Delineation of physiological and transcriptional responses of different barley genotypes to salt stress

Salt stress is one of the most important environmental stresses that negatively affects the plant growth and productivity worldwide. To delineate physio-biochemical and molecular differences among barley genotypes, antioxidant enzyme and transcriptomic profiles along with several physiological traits were compared among a set of elite genotypes of barley subjected to salinity stress. The experiment was conducted at the early growth stage under two control (0 mM NaCl) and salinity (200 mM NaCl) conditions. Salt treatment significantly increased root and shoot Na+ contents, the activity of APX and GPX antioxidant enzymes, and the relative expression of HvHKT2, HvHKT3, HvSOS1, HvSOS3, HvNHX1, HvNHX3, APX, and GPX genes. In contrast, other root and shoot fresh weights, root and shoot dry weights, root and leaf K+ contents, and root and leaf K+:Na+ ratios were significantly decreased due to salinity stress. A principal component analysis showed the relationships among measured traits and relative expression of salt-responsive genes.

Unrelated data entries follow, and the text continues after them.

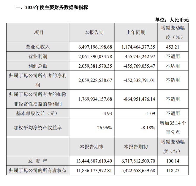 盈利方面实现历史性突破,全年归母净利润20.59亿元,上年同期为亏损4.52亿元;扣除非经常性损益后的净利润为17.70亿元,上年同期为亏损8.65亿元。两者差额约2.89亿元,显示非经常性损益贡献有限,业绩增长主要由主营业务驱动。基本每股收益由-1.09元升至4.93元,加权平均净资产收益率由-8.18%回升至26.96%,较上年增加35.14个百分点。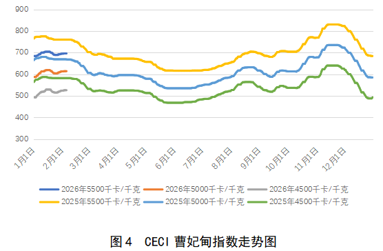 CECI曹妃甸指数5500千卡/千克、5000千卡/千克和4500千卡/千克平均价格分别为695.8元/吨、614元/吨和525.8元/吨,分别比上期平均价格上涨4.8元/吨、6.6元/吨和7.4元/吨。从样本情况看,本期曹妃甸指数日均现货交易数量较上期小幅增加,其中5500千卡/千克、4500千卡/千克样本数量略有增加,5000千卡/千克样本数量基本持平。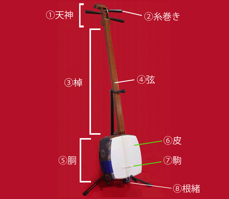 ここでおおまかにですが、三味線の部位名称について押さえておきましょう。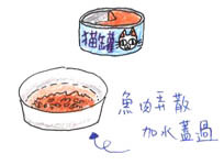 再想個辦法。用貓罐頭加水!之前在PTT上看到有板友拼命在罐頭裡加水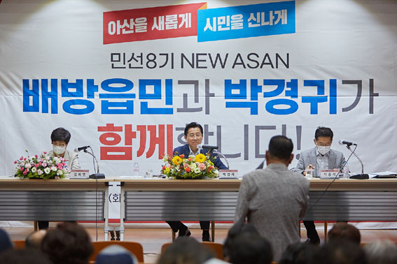 À̳¯ ¿¸°°£´ãȸ´Â ¡®¼ÒÅë°ú ÇùÄ¡¡¯¸¦ ÁßÁ¡ °¡Ä¡·Î ³»¼¼¿î ¹Ú°æ±Í ½ÃÀåÀÌ ½Ã¹Îµé°ú Á÷Á¢ ¸¸³ª ¹Î¼± 8±â ºñÀüÀ» ¼³¸íÇϰí, ½Ã¹Î¿¡°Ô Á÷Á¢ Áö¿ªÀÇ Çö¾ÈÀ» µè±â À§ÇØ ±âȹµÆ´Ù.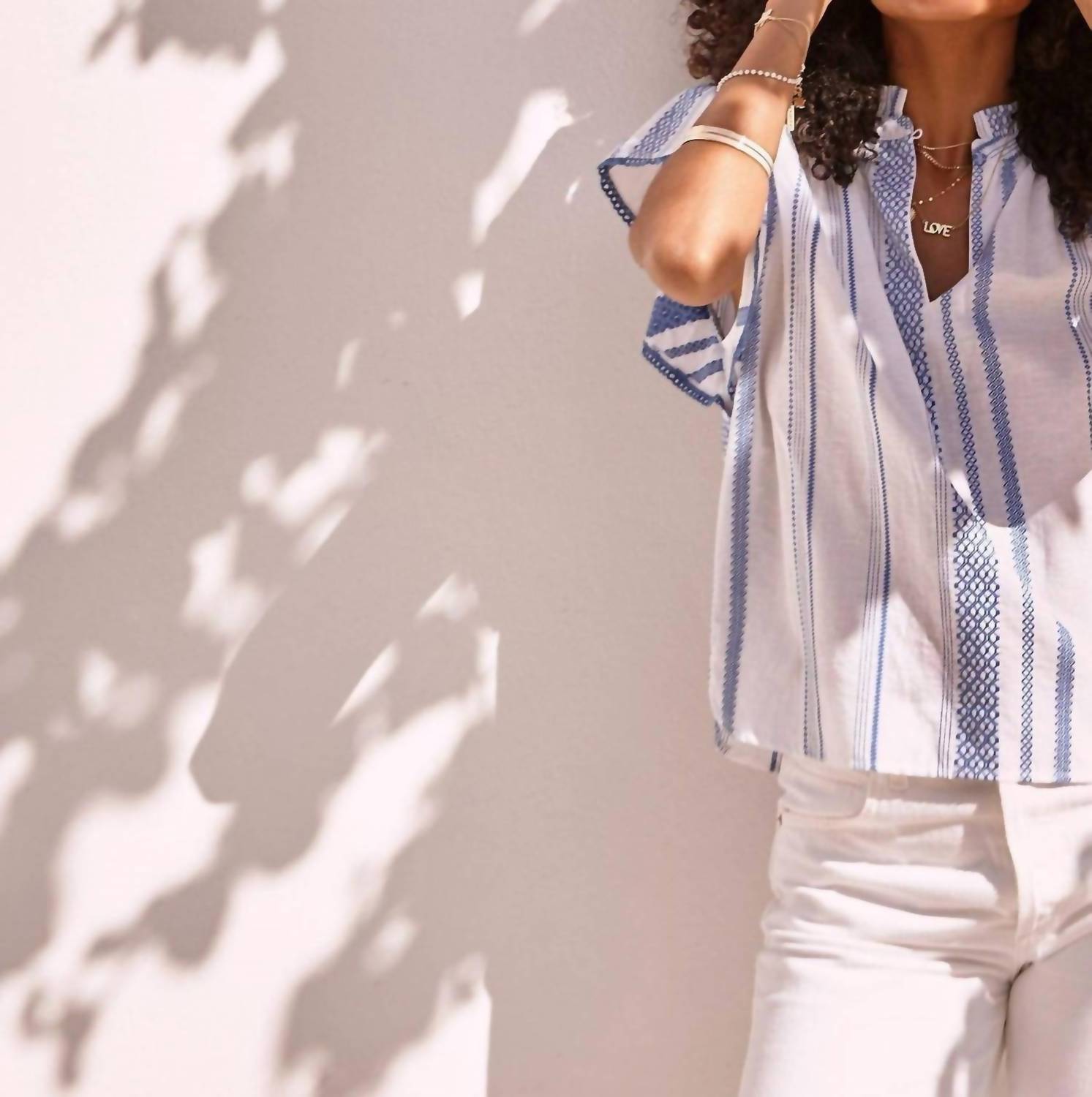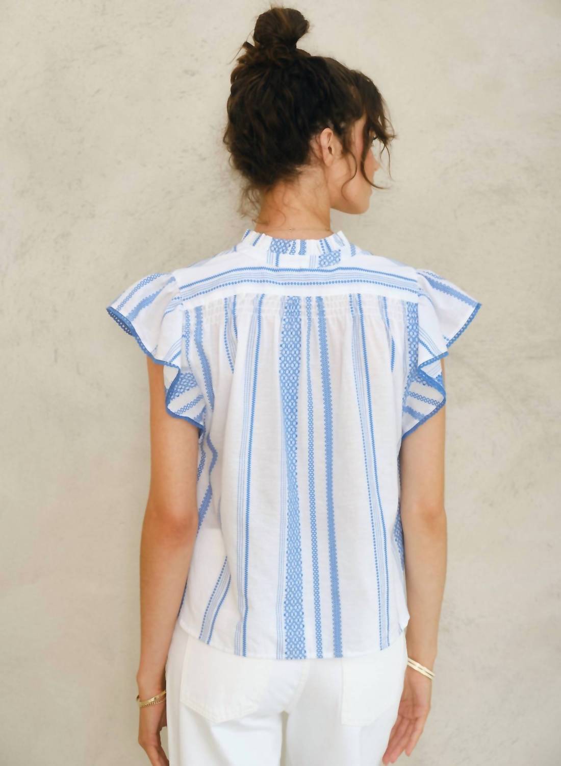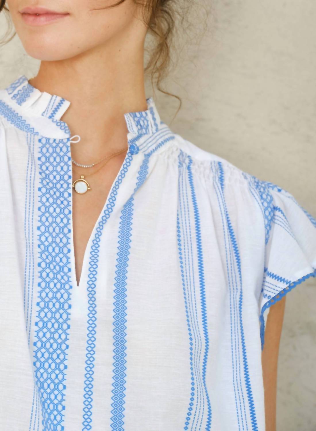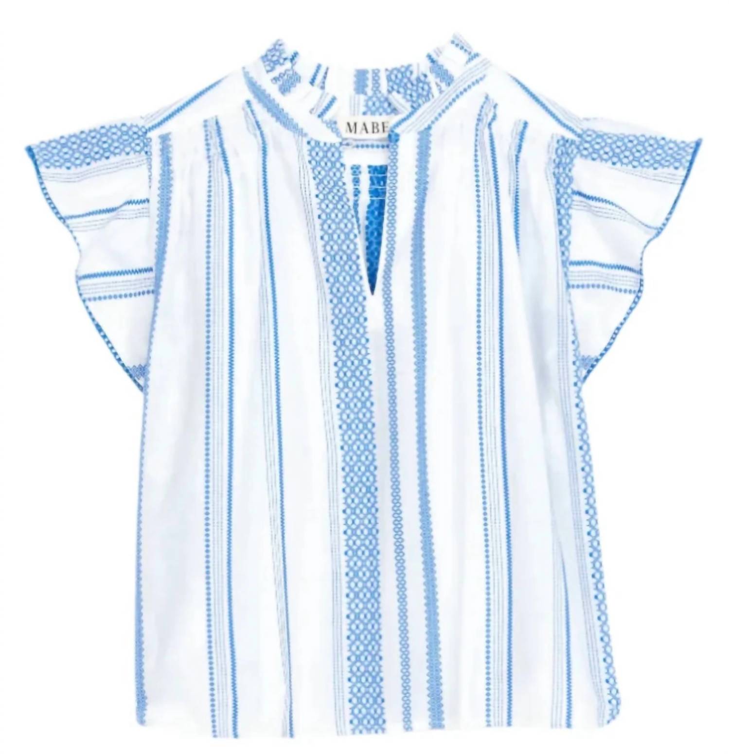 A timeless blouse that will never go out of style. The Alma V Neck Top by M.A.B.E. brings chic style to your spring wardrobe with its ruffled cap sleeves and elegant V-neck design. Crafted from 100% cotton, it features an eye-catching stripe pattern in blue with royal blue embroidery. With a pull-on closure, this top is perfect for vacation wear. Care for it by hand washing to maintain the crisp look of the fabric.

Remarkably, our results indicated a positive and significant association between the relative expression of HvNHX1 and HvSOS3 genes with root Na+ content and leaf K+:Na+ ratio. Furthermore, associations among relative expression of HvHKT2, HvNXH3, HvSOS1, APX, and GPX genes were positive and significant. Taken together, this study revealed that genotypes G6 responded better to salinity stress than other genotypes. Hence it could be selected as the most salt-tolerant genotype for further complementary experiments with the aim of releasing as a commercial variety. Moreover, this genotype could be used as an ideal parent for transferring favorable physiological and biochemical activities in barley breeding programs.